## GIVEN RECORDS
————

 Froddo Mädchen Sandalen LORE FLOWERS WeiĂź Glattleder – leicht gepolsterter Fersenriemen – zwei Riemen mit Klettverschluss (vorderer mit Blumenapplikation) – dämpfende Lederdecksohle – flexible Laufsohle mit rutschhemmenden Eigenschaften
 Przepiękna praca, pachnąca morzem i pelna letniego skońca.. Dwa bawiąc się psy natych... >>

————

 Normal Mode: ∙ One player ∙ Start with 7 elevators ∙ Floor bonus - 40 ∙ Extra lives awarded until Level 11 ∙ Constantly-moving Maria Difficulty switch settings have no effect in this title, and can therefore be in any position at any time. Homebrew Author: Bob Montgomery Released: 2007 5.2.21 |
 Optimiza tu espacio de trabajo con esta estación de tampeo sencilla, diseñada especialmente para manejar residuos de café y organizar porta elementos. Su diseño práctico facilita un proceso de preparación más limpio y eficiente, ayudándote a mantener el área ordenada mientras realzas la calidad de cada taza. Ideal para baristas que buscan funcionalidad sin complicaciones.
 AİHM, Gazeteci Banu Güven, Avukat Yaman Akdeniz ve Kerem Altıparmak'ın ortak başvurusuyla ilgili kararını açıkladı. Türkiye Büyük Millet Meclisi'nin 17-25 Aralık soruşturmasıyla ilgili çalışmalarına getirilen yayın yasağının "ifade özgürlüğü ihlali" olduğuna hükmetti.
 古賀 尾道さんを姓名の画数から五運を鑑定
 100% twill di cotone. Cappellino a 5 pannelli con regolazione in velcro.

————

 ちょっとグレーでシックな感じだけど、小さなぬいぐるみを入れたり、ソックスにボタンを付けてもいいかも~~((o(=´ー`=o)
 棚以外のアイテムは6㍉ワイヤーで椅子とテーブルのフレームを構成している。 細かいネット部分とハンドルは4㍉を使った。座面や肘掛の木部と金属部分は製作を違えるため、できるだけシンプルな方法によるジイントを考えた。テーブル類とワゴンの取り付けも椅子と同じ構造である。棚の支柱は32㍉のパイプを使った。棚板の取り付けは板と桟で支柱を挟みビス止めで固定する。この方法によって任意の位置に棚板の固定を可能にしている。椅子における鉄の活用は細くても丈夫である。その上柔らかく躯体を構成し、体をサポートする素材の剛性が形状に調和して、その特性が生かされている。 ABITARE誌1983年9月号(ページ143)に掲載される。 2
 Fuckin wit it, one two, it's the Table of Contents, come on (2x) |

————

In the data above, find the line with "ちょっとグレーでシックな感じ" and the line with "Fuckin wit it, one". Retype both, plus every line between them, exactly.

 ちょっとグレーでシックな感じだけど、小さなぬいぐるみを入れたり、ソックスにボタンを付けてもいいかも~~((o(=´ー`=o)
 棚以外のアイテムは6㍉ワイヤーで椅子とテーブルのフレームを構成している。 細かいネット部分とハンドルは4㍉を使った。座面や肘掛の木部と金属部分は製作を違えるため、できるだけシンプルな方法によるジイントを考えた。テーブル類とワゴンの取り付けも椅子と同じ構造である。棚の支柱は32㍉のパイプを使った。棚板の取り付けは板と桟で支柱を挟みビス止めで固定する。この方法によって任意の位置に棚板の固定を可能にしている。椅子における鉄の活用は細くても丈夫である。その上柔らかく躯体を構成し、体をサポートする素材の剛性が形状に調和して、その特性が生かされている。 ABITARE誌1983年9月号(ページ143)に掲載される。 2
 Fuckin wit it, one two, it's the Table of Contents, come on (2x) |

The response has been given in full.